I like when Brian is a little scared when I am making something he is unfamiliar with. I get a sick joy out of semi-convincing him that what he’s about to eat may or may not be edible or may or may not be poisonous. That was definitely the case with these stuffed artichokes.
When I was cleaning the artichokes, I jokingly asked him what the first person who decided artichokes might be edible was thinking. He replied by saying that he wasn’t really sure that they were still, and repeatedly asked me, “you really ate these growing up??”. We did grow up eating artichokes in their whole form, enjoying scraping the “meat” from each tender leaf. I stuffed these artichokes with toasted breadcrumbs seasoned with a ton of garlic, nutty anchovies, and fresh parmesan cheese. Delicious.

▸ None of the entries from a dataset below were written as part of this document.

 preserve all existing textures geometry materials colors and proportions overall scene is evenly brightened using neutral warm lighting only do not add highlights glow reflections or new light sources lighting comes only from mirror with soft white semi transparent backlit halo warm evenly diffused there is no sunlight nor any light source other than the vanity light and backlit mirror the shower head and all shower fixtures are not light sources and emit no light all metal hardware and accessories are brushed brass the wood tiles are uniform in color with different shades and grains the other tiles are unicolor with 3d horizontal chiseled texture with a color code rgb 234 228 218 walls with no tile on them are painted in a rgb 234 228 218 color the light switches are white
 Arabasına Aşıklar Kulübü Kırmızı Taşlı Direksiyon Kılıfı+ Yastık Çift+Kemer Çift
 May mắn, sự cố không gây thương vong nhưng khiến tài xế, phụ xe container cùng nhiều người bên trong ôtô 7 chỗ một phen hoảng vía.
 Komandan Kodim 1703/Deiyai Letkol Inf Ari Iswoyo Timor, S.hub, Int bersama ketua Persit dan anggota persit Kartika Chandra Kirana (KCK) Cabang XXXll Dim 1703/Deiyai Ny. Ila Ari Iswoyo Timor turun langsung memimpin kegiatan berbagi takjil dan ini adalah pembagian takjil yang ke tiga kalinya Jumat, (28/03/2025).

Italian Stuffed Artichokes
Just the Tip / Inspired by Rachael Ray
What I used:
- 6 artichokes (about 12 oz each)
- 2 lemons, halved
- 3/4 cup extra-virgin olive oil, plus some for drizzling
- 1 2-oz tin anchovies in oil, drained
- 12 cloves garlic, grated or finely chopped
- 1 tsp crushed red chili flakes
- 3-4 cups breadcrumbs (I used whole wheat)
- 1 large bunch flat-leaf parsley, chopped
- 2 tsp black pepper
- 1 1/2 cups grated parmigiano-reggiano cheese
- Trim the artichokes: Remove the outer leaves, then cut off the stems and top quarter; trim the tips of the spiky leaves with scissors. Rub the cut surfaces with the lemon. Peel the stems and chop up finely and reserve for later.

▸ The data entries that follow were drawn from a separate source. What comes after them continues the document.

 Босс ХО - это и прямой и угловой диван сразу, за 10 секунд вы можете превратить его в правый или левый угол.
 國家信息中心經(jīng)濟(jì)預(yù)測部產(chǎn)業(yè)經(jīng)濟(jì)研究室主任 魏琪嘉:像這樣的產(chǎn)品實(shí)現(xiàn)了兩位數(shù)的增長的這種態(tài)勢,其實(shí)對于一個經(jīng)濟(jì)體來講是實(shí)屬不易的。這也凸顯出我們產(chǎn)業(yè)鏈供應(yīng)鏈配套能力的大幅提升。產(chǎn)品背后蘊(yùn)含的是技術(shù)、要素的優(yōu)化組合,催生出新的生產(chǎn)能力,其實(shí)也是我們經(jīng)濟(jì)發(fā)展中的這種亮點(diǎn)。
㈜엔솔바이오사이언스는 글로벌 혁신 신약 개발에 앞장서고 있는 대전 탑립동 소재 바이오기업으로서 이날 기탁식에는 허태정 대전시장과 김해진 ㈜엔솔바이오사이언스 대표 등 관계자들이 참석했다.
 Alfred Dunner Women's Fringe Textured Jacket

- Fill a large pot halfway with water. Juice the lemons into the water and add the remaining juiced halves to the pot; bring to a boil. Add the artichokes and cook until tender, about 40 minutes; drain upside down to cool. Pull out the center leaves to expose the choke and scoop out the spiny choke with a spoon.

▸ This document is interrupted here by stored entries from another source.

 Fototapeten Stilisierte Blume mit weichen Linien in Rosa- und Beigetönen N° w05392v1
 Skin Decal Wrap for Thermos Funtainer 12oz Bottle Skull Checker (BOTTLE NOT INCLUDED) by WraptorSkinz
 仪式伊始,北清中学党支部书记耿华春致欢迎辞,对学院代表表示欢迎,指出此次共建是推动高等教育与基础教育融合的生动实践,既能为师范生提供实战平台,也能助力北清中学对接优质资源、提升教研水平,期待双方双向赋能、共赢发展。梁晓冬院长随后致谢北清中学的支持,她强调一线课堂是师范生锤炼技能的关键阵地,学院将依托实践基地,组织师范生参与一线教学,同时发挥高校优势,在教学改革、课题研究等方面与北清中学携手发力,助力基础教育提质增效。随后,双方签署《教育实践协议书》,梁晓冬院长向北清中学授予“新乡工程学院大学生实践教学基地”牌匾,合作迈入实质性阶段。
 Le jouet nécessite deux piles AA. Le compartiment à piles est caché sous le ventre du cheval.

- Meanwhile, preheat the oven to 400 degrees . In a large skillet, heat the olive oil over medium-low heat. Add the anchovies, the garlic and crushed red pepper and cook until the anchovies melt, about 4 minutes. Add the breadcrumbs and chopped stems to the oil and cook, stirring often, until golden-brown and toasted, about 10 minutes.
- Remove from heat and stir in the parsley, black pepper, and parmesan. Spoon the filling into the heart of each artichoke and in the crease of each leaf. Place the stuffed artichokes side by side in a baking dish and drizzle with olive oil. Bake for 15 minutes and serve.